§ **TASK BRIEF**: Could you retype the records word for word but without any pictures?

[Extracted data entries]
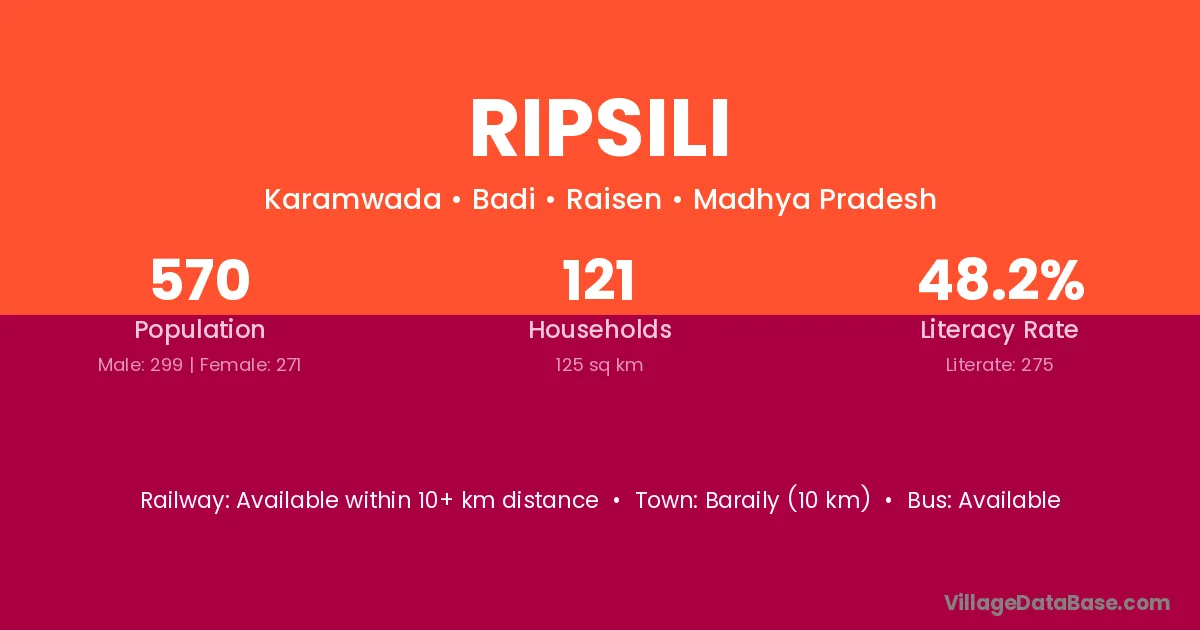 Baraily (10 km) is the nearest town to Ripsili village for major economic activities and is located approximately 10 km away.
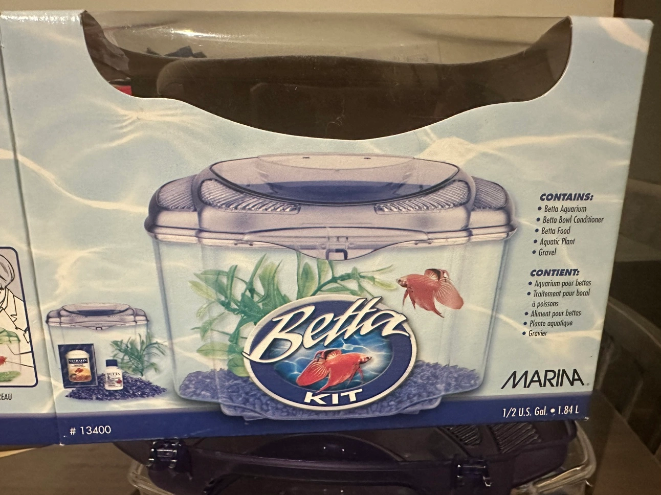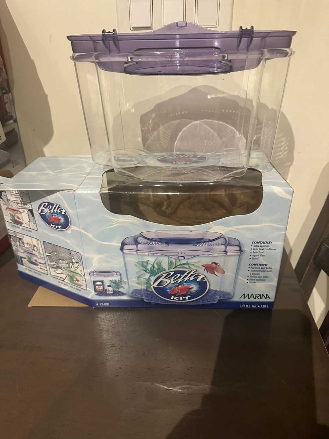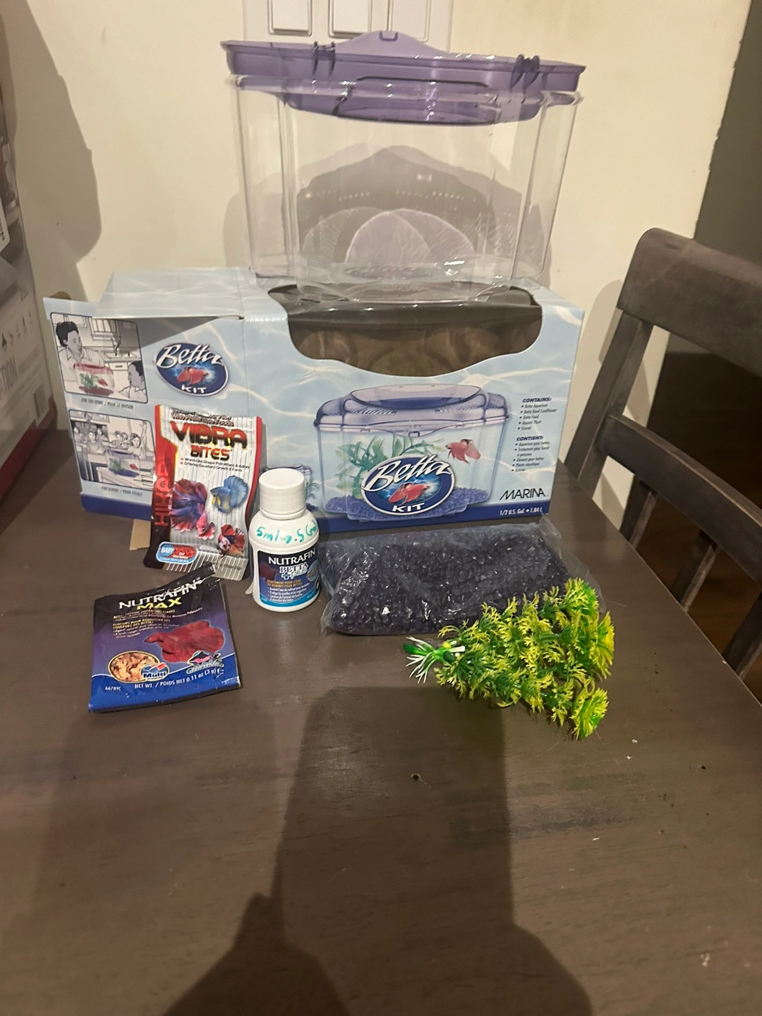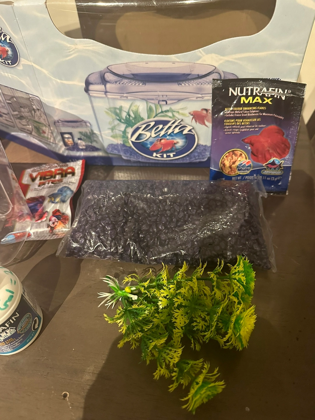 This is a complete betta fish kit that comes with a tank, gravel, a plant, and fish food and tap water conditioner . It is perfect for a beginner fish owner.
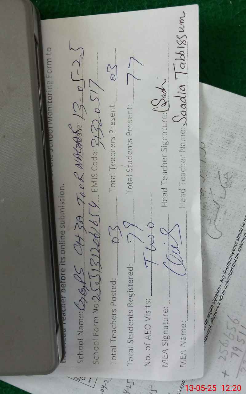 | Attendance Register | Head Teacher | MEA with School | Visit Proof |
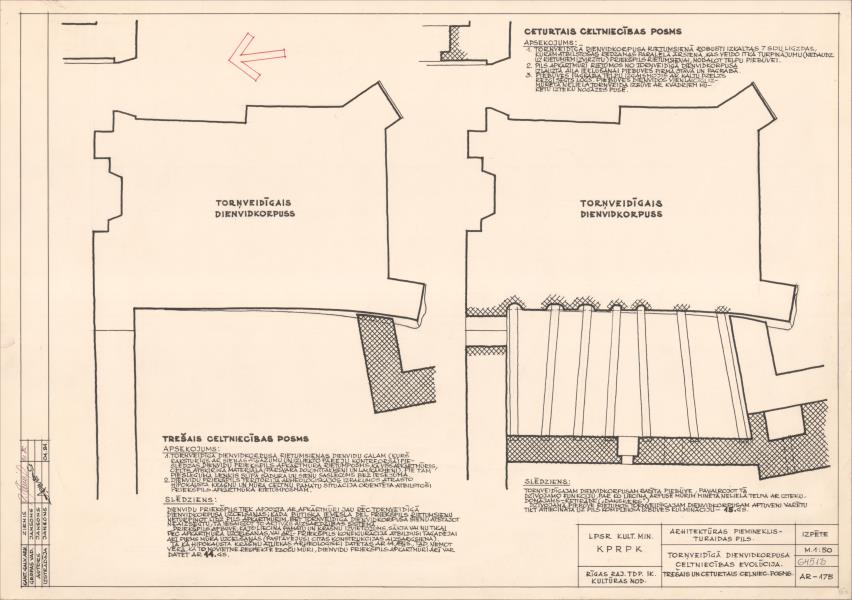 Turaidas pilskalns un viduslaiku pils. Dienvidu korpuss; Celtniecības evolūcija (Siguldas novads, Sigulda. Turaidas iela 10.)
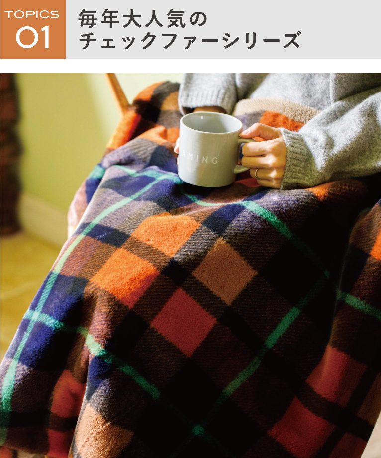 肌触りの良いフェイクファーブランケット。ボア裏地付きの2重仕様でしっかりとあたためてくれます。極細繊維のファーはとてもなめらかで、いつまでも触っていたいほど気持ちの良い触感が◎
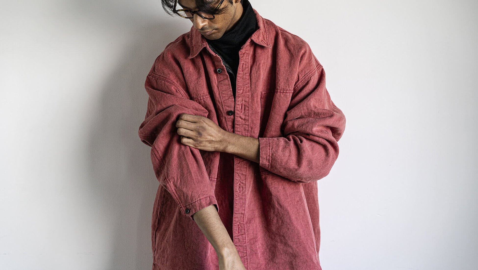 (右)FADE RED = 赤い無地のリネンデニムをオゾン脱色
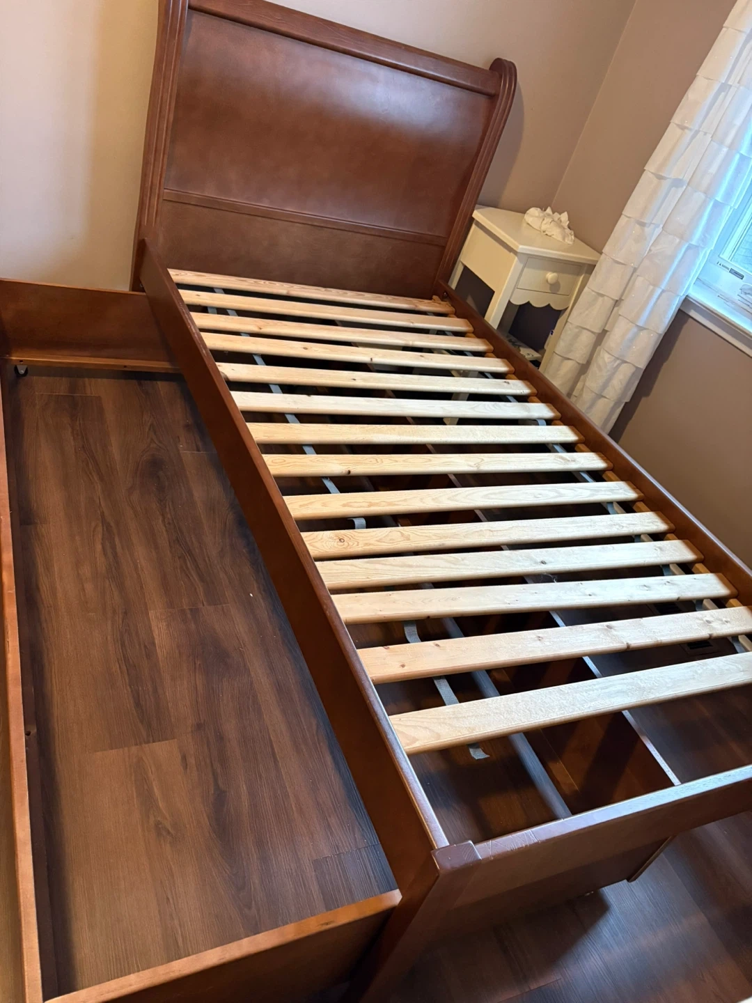 Buy & SellWood Bed Frame with Storage DrawerWood Bed Frame with Storage Drawer$150Selling a wood bed frame. You can full to be a another bedConditionLike newWHERE TO MEETToronto Public Library - Jane/Sheppard BranchView MapSELLERGloriaJane Heights140 reviews2 chats·0 favorites·9 viewsSEND CHAT TO SELLERHi Gloria! I’m interested in your listing.Hi Gloria! I’m interested in your listing.Get the Karrot app to chatSign In to chat
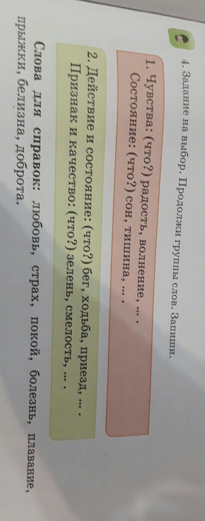 задание на выбор . продолжи группы слов. запиши .1. чувства : (что?) радость , волнение ,... состояние: (что?) сон, тишина ,... 2. действие и состояние : (что?) бег, ходьба, приезд, ..... признак и качество : ( что?) зелень , смелость, ......
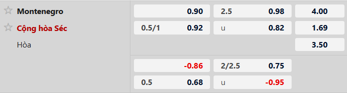 Soi kèo tài xỉu Montenegro vs Séc:
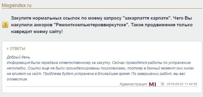 Сегодня 28 мая. Никто ничего не меняет. Закупленные ссылки с неправильным анкором висят, деньги с баланса списываются.
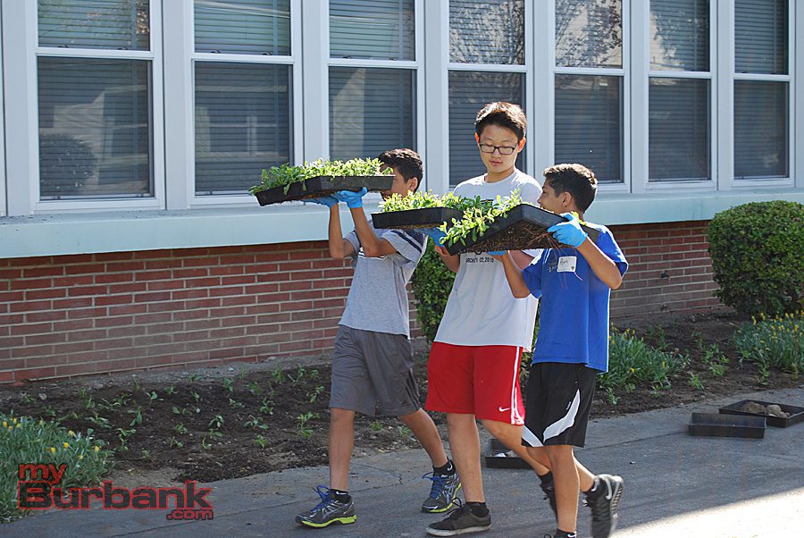The volunteers and staff planted 70 flats of groundcover between the 100 and 300 halls and 10 rose bushes in the front of the school and near the teachers’ cafeteria. They also planted 16 additional ornamental bushes to create a hedge for the new outdoor classroom and two Chinese Elm trees on the school’s Lower Field.
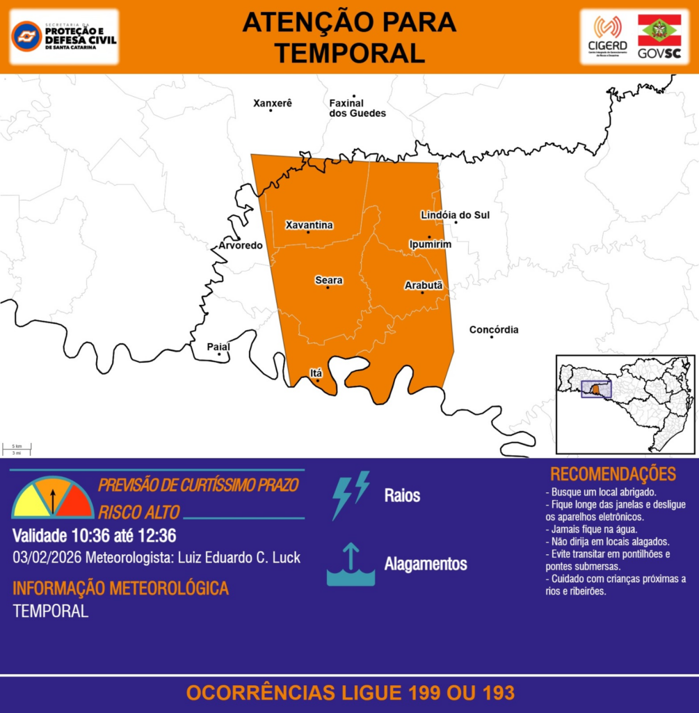 ATENÇÃO – 03/02 10:36 – TEMPORAL com RAIOS e ALAGAMENTOS para os municípios de Arabutã, Arvoredo, Concórdia, Faxinal dos Guedes, Ipumirim, Itá, Lindóia do Sul, Seara, Xanxerê e Xavantina nas próximas 2 horas. Ocorrências ligue 199 ou 193.

§ **SOLUTION FOR THIS PROBLEM**:
 Baraily (10 km) is the nearest town to Ripsili village for major economic activities and is located approximately 10 km away.
 This is a complete betta fish kit that comes with a tank, gravel, a plant, and fish food and tap water conditioner . It is perfect for a beginner fish owner.
 | Attendance Register | Head Teacher | MEA with School | Visit Proof |
 Turaidas pilskalns un viduslaiku pils. Dienvidu korpuss; Celtniecības evolūcija (Siguldas novads, Sigulda. Turaidas iela 10.)
 肌触りの良いフェイクファーブランケット。ボア裏地付きの2重仕様でしっかりとあたためてくれます。極細繊維のファーはとてもなめらかで、いつまでも触っていたいほど気持ちの良い触感が◎
 (右)FADE RED = 赤い無地のリネンデニムをオゾン脱色
 Buy & SellWood Bed Frame with Storage DrawerWood Bed Frame with Storage Drawer$150Selling a wood bed frame. You can full to be a another bedConditionLike newWHERE TO MEETToronto Public Library - Jane/Sheppard BranchView MapSELLERGloriaJane Heights140 reviews2 chats·0 favorites·9 viewsSEND CHAT TO SELLERHi Gloria! I’m interested in your listing.Hi Gloria! I’m interested in your listing.Get the Karrot app to chatSign In to chat
 задание на выбор . продолжи группы слов. запиши .1. чувства : (что?) радость , волнение ,... состояние: (что?) сон, тишина ,... 2. действие и состояние : (что?) бег, ходьба, приезд, ..... признак и качество : ( что?) зелень , смелость, ......
 Soi kèo tài xỉu Montenegro vs Séc:
 Сегодня 28 мая. Никто ничего не меняет. Закупленные ссылки с неправильным анкором висят, деньги с баланса списываются.
The volunteers and staff planted 70 flats of groundcover between the 100 and 300 halls and 10 rose bushes in the front of the school and near the teachers’ cafeteria. They also planted 16 additional ornamental bushes to create a hedge for the new outdoor classroom and two Chinese Elm trees on the school’s Lower Field.
 ATENÇÃO – 03/02 10:36 – TEMPORAL com RAIOS e ALAGAMENTOS para os municípios de Arabutã, Arvoredo, Concórdia, Faxinal dos Guedes, Ipumirim, Itá, Lindóia do Sul, Seara, Xanxerê e Xavantina nas próximas 2 horas. Ocorrências ligue 199 ou 193.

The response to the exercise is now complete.